* **RECORDED DATA**
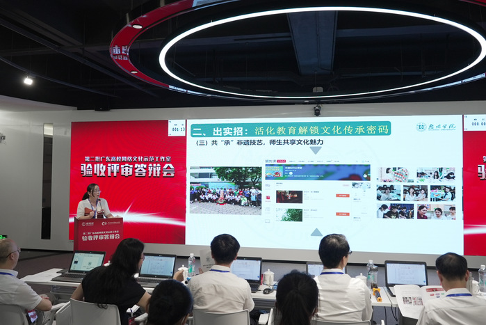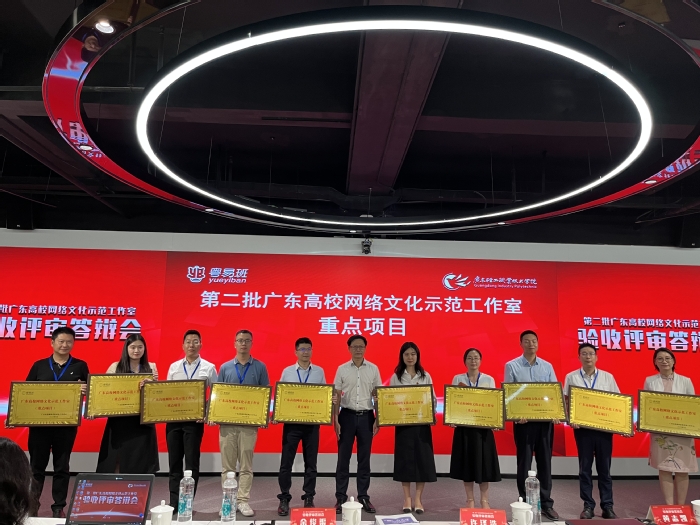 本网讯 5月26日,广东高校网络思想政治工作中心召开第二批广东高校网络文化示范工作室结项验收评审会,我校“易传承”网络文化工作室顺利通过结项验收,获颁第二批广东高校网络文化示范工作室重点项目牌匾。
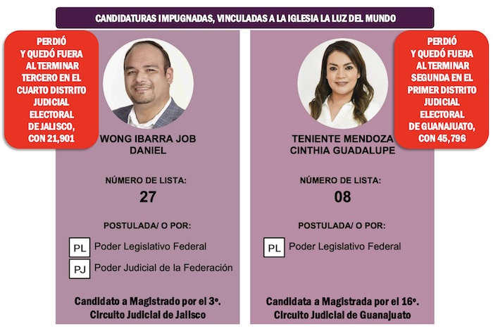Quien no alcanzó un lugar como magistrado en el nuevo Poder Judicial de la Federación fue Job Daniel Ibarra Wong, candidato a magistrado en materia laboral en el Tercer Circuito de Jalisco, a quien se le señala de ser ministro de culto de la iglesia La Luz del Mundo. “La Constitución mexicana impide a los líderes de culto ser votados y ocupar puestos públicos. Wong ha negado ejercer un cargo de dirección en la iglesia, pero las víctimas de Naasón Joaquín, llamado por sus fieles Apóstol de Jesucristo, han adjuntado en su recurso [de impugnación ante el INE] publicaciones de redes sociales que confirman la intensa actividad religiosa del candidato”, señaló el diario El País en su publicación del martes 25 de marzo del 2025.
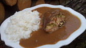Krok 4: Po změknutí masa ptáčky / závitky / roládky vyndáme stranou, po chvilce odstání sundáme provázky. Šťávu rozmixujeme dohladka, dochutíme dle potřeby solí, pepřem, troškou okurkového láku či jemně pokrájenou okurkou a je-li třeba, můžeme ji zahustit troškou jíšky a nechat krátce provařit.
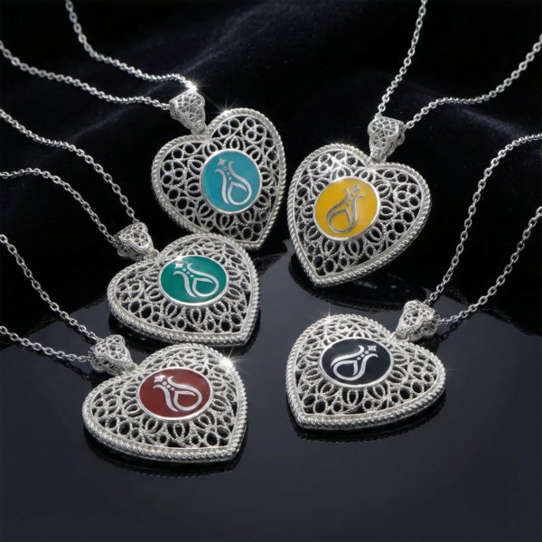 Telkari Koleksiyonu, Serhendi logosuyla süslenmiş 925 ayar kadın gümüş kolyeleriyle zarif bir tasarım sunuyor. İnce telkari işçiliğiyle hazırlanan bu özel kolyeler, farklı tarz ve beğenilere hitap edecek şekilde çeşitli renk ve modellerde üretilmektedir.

* **REQUIRED ACTION**
Once the line with "Krok 4: Po změknutí" is found, output it and every line after it through the end of the listing, exactly, without pictures.

* **WRITTEN RESPONSE**
Krok 4: Po změknutí masa ptáčky / závitky / roládky vyndáme stranou, po chvilce odstání sundáme provázky. Šťávu rozmixujeme dohladka, dochutíme dle potřeby solí, pepřem, troškou okurkového láku či jemně pokrájenou okurkou a je-li třeba, můžeme ji zahustit troškou jíšky a nechat krátce provařit.
 Telkari Koleksiyonu, Serhendi logosuyla süslenmiş 925 ayar kadın gümüş kolyeleriyle zarif bir tasarım sunuyor. İnce telkari işçiliğiyle hazırlanan bu özel kolyeler, farklı tarz ve beğenilere hitap edecek şekilde çeşitli renk ve modellerde üretilmektedir.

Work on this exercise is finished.